THE TASK: From the listing that follows, reproduce only the lines from the one holding "当店では下記の通り、1月の営業スケジュールを予定しております。" through the one holding "鋁方通網(wǎng)站建設(shè)作品賞析之佛山市普朗斯鋁業(yè)有限公司", both included, with no pictures.

PROVIDED MATERIAL:
☆ ☆ ☆

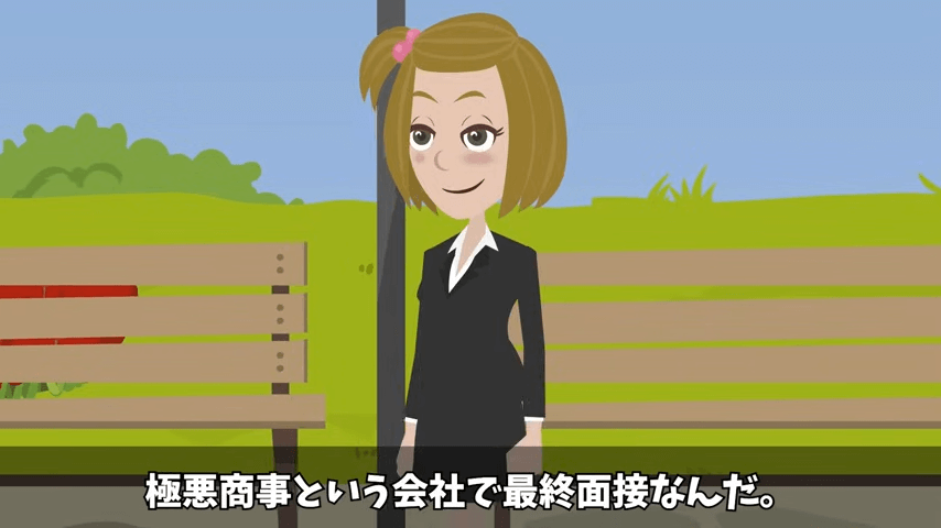 主人公は父の仏壇に手を合わせてから、元気よく家を出ました。 この日は主人公にとって大本命の会社の最終面接で…。
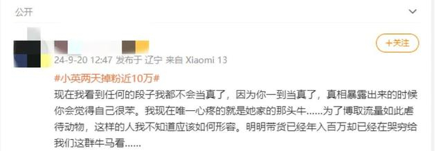 9月下旬,网上出现了质疑她“虚假人设”“剧本卖惨”“送养孩子”的声音,甚至还说她“开着路虎去种地”,让她不知所措,倍感委屈,只好暂停了更新视频。
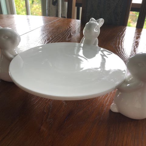 Ca 16 cm i diameter og 7,5 cm høy. En fin grønnfarge. Passer perfekt til påske!
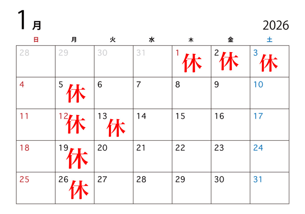 当店では下記の通り、1月の営業スケジュールを予定しております。
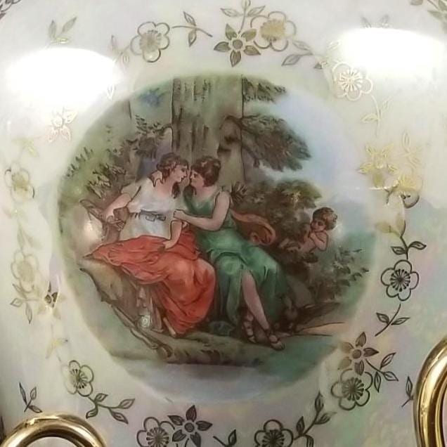 • Decoration: Fragonard inspired romantic scene transfer with gilt accents
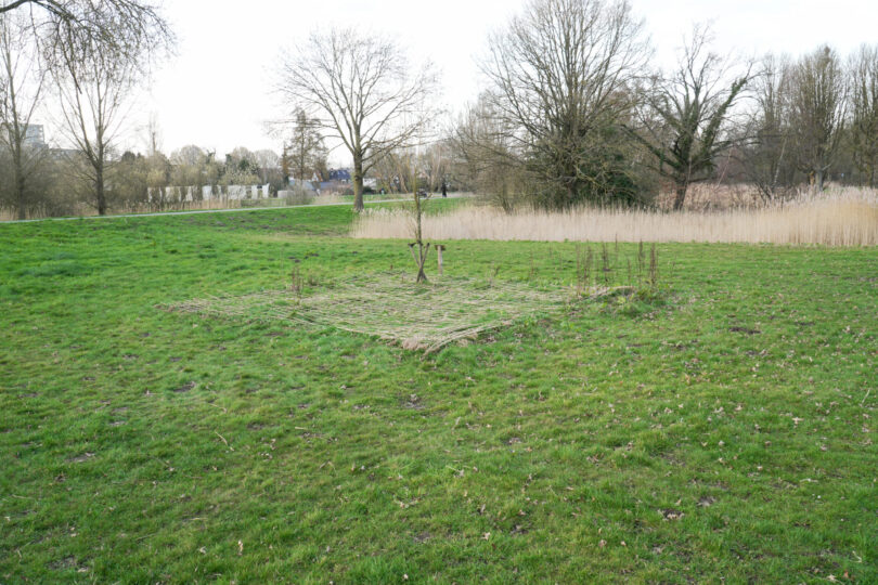 Bekijk hierboven de video van hun zoektocht naar de materialiteit van het landschap: de grond, het water, de bomen en het riet. Door deze natuurlijke materialen te verzamelen en ermee een sculptuur te creëren, laten zij het park spreken in zijn eigen taal en onderzoeken zij tegelijkertijd nieuwe vormen van samenwerken binnen hun kunstenaarschap.
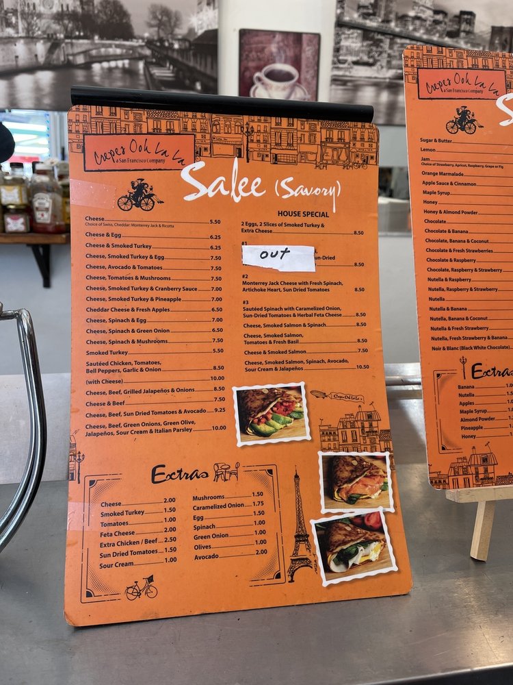 “ Excellent crepes prepared and served to you by the very friendly French-speaking owner, who has French music playing in the background and pictures of Parisian landmarks to re-create a bit of France in North Beach. ”
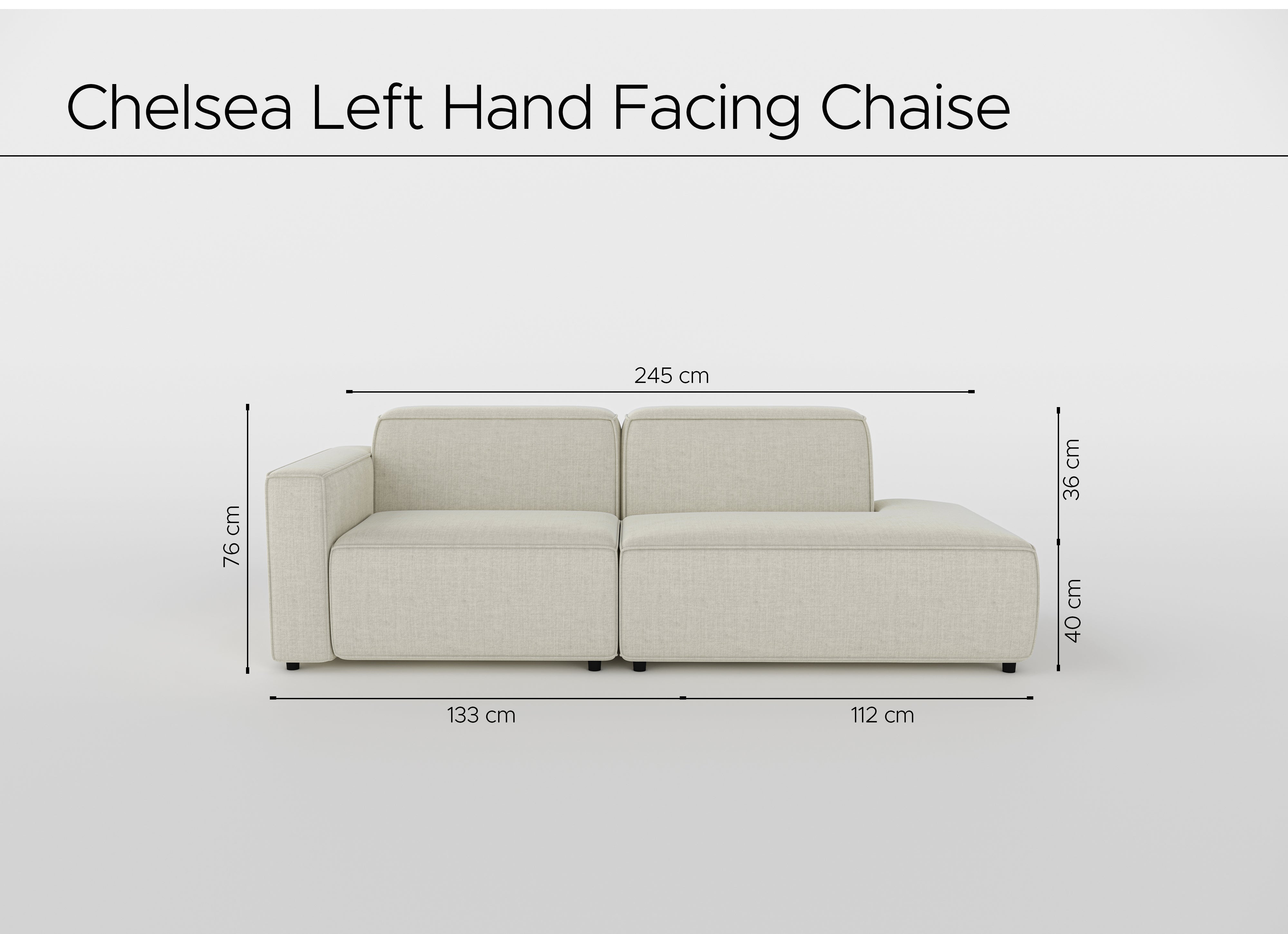Sink into simplicity with the Chelsea Chaise Left Sofa – a clean, contemporary statement piece designed for modern living.
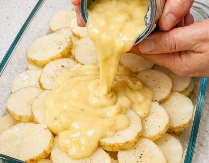 Pour the cream of chicken soup mixture evenly over the raw sliced potatoes in the glass casserole dish, making sure to cover as much of the surface as possible. Use the back of a spoon to gently nudge the sauce into the nooks between potato slices so everything gets coated.
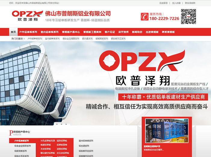 鋁方通網(wǎng)站建設(shè)作品賞析之佛山市普朗斯鋁業(yè)有限公司
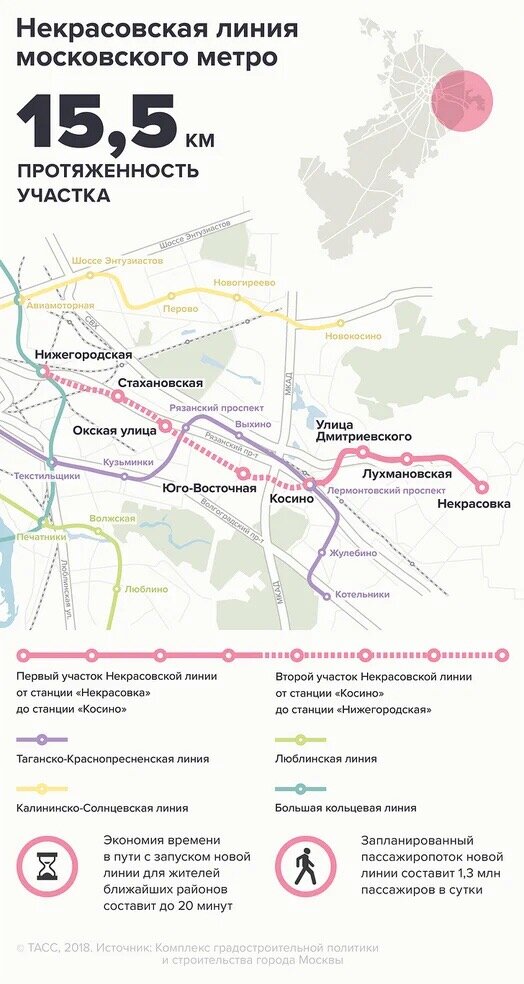 Восемь станций расположатся на новой Некрасовской линии метро. На пяти из них появятся транспортно-пересадочные узлы (ТПУ), сообщает пресс-служба комплекса градостроительной политики и строительства. Это будут ТПУ "Рязанская", "Юго-Восточная", "Лермонтовский проспект", "Улица Дмитриевского" и "Некрасовка". Как рассказал заммэра Москвы по градостроительной политике и строительству Марат Хуснуллин, крупнейшим из них станет ТПУ "Рязанская". Он объединит в себе пересадки на метро и железную дорогу. По словам заммэра, этот транспортно-пересадочный комплекс фактически станет мультимодальным вокзалом. Прогнозируемый пассажиропоток составит около 111 тысяч человек в часы пик. "ТПУ объединит транспортные потоки Большой кольцевой и Некрасовской линий метро, Московского центрального кольца и радиального направления железной дороги. Рядом находится Рязанский проспект и в будущем пройдет участок проектируемой Юго-Восточной хорды", – подчеркнул он. Ранее Сергей Собянин осмотрел ход строительств

☆ ☆ ☆

RESPONSE BOX:
 当店では下記の通り、1月の営業スケジュールを予定しております。
 • Decoration: Fragonard inspired romantic scene transfer with gilt accents
 Bekijk hierboven de video van hun zoektocht naar de materialiteit van het landschap: de grond, het water, de bomen en het riet. Door deze natuurlijke materialen te verzamelen en ermee een sculptuur te creëren, laten zij het park spreken in zijn eigen taal en onderzoeken zij tegelijkertijd nieuwe vormen van samenwerken binnen hun kunstenaarschap.
 “ Excellent crepes prepared and served to you by the very friendly French-speaking owner, who has French music playing in the background and pictures of Parisian landmarks to re-create a bit of France in North Beach. ”
Sink into simplicity with the Chelsea Chaise Left Sofa – a clean, contemporary statement piece designed for modern living.
 Pour the cream of chicken soup mixture evenly over the raw sliced potatoes in the glass casserole dish, making sure to cover as much of the surface as possible. Use the back of a spoon to gently nudge the sauce into the nooks between potato slices so everything gets coated.
 鋁方通網(wǎng)站建設(shè)作品賞析之佛山市普朗斯鋁業(yè)有限公司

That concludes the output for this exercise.